Tuesday, October 09, 2007

Tough times in Japan's construction industry...

...does not necessarily mean construction companies want to take part in actual construction projects, you know.

Too few bids for one in 10 public works projects
The Asahi Shimbun

By Eiji Zakoda - Nearly 1,200 public works projects, or roughly one in 10 that the central government tried to commission in fiscal 2006, were nonstarters because they didn't attract enough bidders, a survey shows.

Analysts said a more robust market for private-sector construction along with moves to end bid-rigging practices appear to explain the higher rate of projects that failed to attract a winning bid.

The Ministry of Land, Infrastructure and Transport surveyed the situation on a national basis from April after a number of regional development bureaus reported an increase in the number of projects that failed to end in a successful bid. It was the first such ministry survey.

Some of the projects received no bids at all, while in others, all of the bids exceeded the maximum price limit set by the central government.

The ministry studied 10,778 projects the central government planned to commission in fiscal 2006. Of those, 1,188 did not end with a successful bid...

Here's a fine conundrum for the labor economists: when the laws against collusive bid rigging and exceeding budgetary limits are enforced, over 10% of all projects become just too much trouble for even a perfunctory bid.

Funny thing that profit maximalization imperative--it makes even beggars choosers.

The weird corollary of all this - in the supposedly overstimulated and overcrowded construction sector, a low cost outsider could scoop up to 10% of all government contracts without bothering anyone else.

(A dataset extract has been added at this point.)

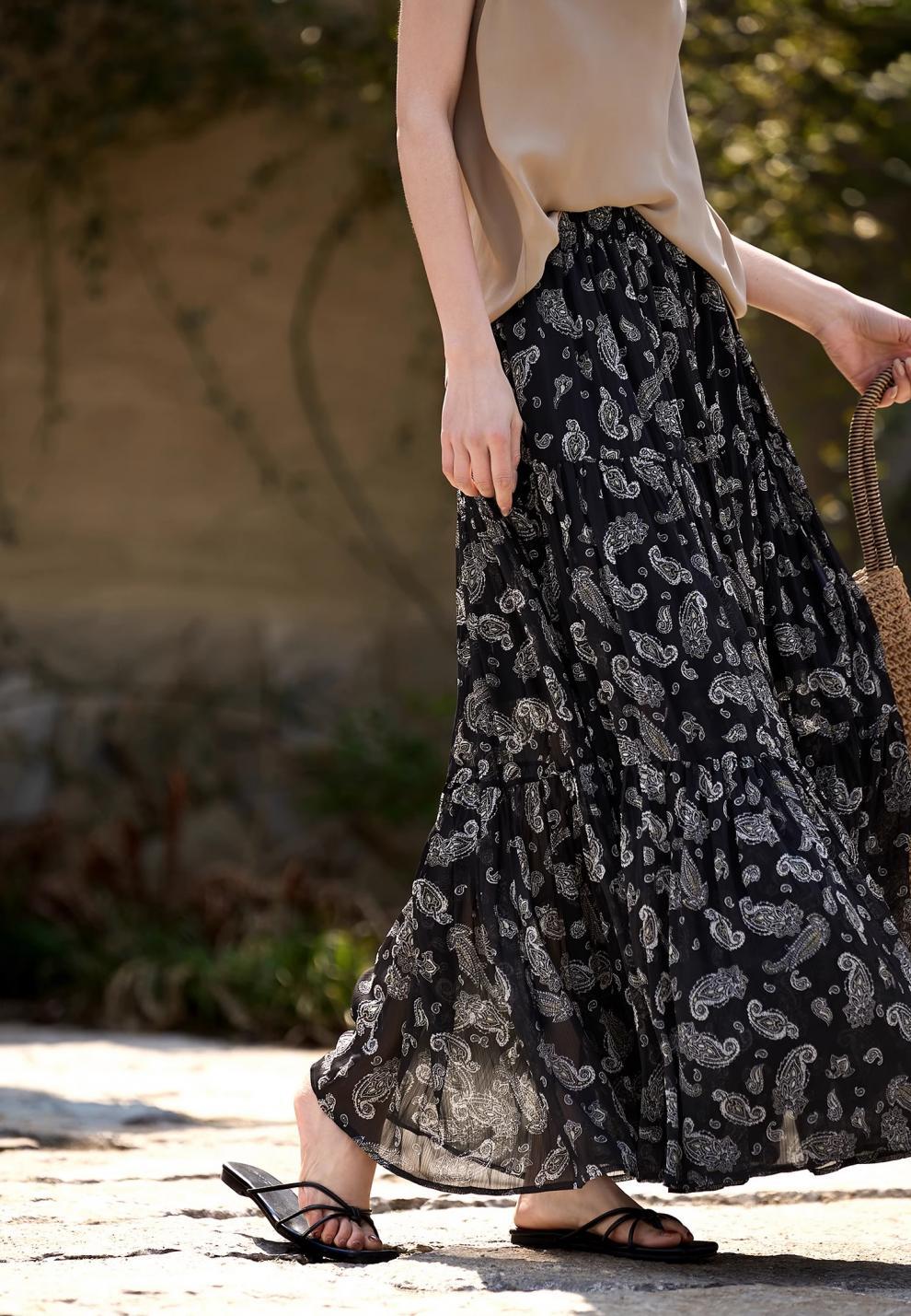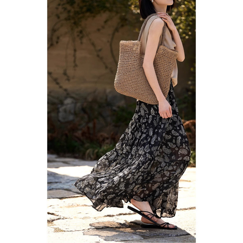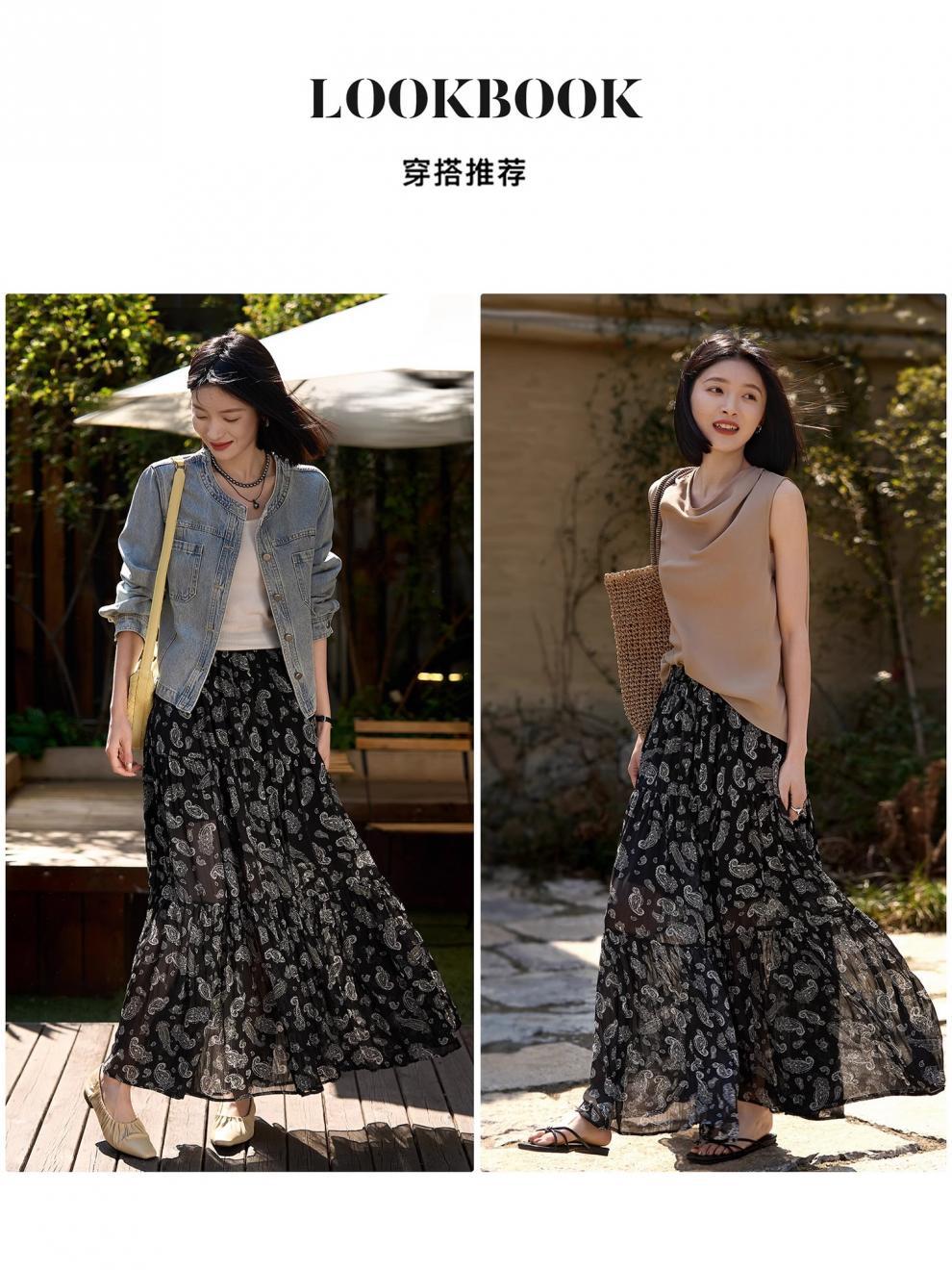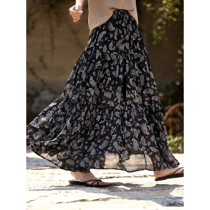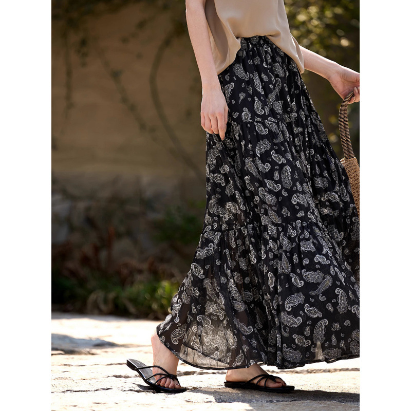 Юбка с принтом Whisper of the Seine в праздничном стиле, длинная юбка с цветочным принтом во французском стиле ретро, юбка трапециевидной формы, весенний новый стиль
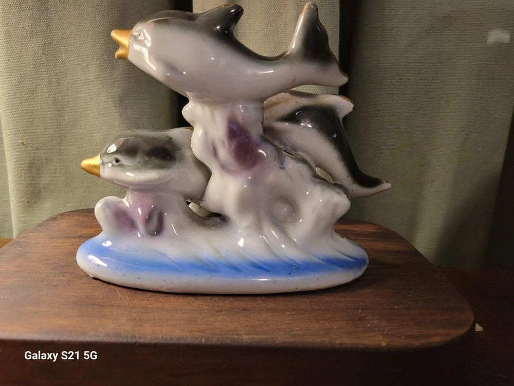 Vintage Swimming Dolphin Family Shell Figurine Ceramic Porcelain Nautical. Condition is Used. Shipped with USPS Ground Advantage.

I am finding it harder and harder to take seriously those who argue that at least some of Koizumi fiscal reforms will have to be rolled back...

3 comments:

Anonymous said...

Saraba dangô! Dôrokôdan no min.eika banzai! Hikui rakusatsuritsu banzai!

YY said...

It is probably indication that some contracts are not worth bidding on and common sense would dictate that they should have simply been put to non-competitive contract/order . But governments are probably banned from doing that, which makes dango a practical means of getting some of the work done.

Not understanding or coping with the differences in scale of transactions also result in such stupid rules as receipts for all expenses over 1 yen (as opposed to say 1K yen or 10k yen)

MTC said...

yy -

I agree that dango, since it operated so openly (it was only in December 2005 that the Big Four construction firms finally foreswore it) must have served some socially beneficial functions on occasion.

However, I find it difficult to believe that in a field as crowded as construction there is not at least one firm is so hard up for business as to offer a bid below the maximum.

The situation described in the article sounds like a more like a game of chicken between the construction firms and the government, a dango of non-bidding on marginal contracts, an attempt to force the government to switch 10% of the contracts to non-competitive contract/order.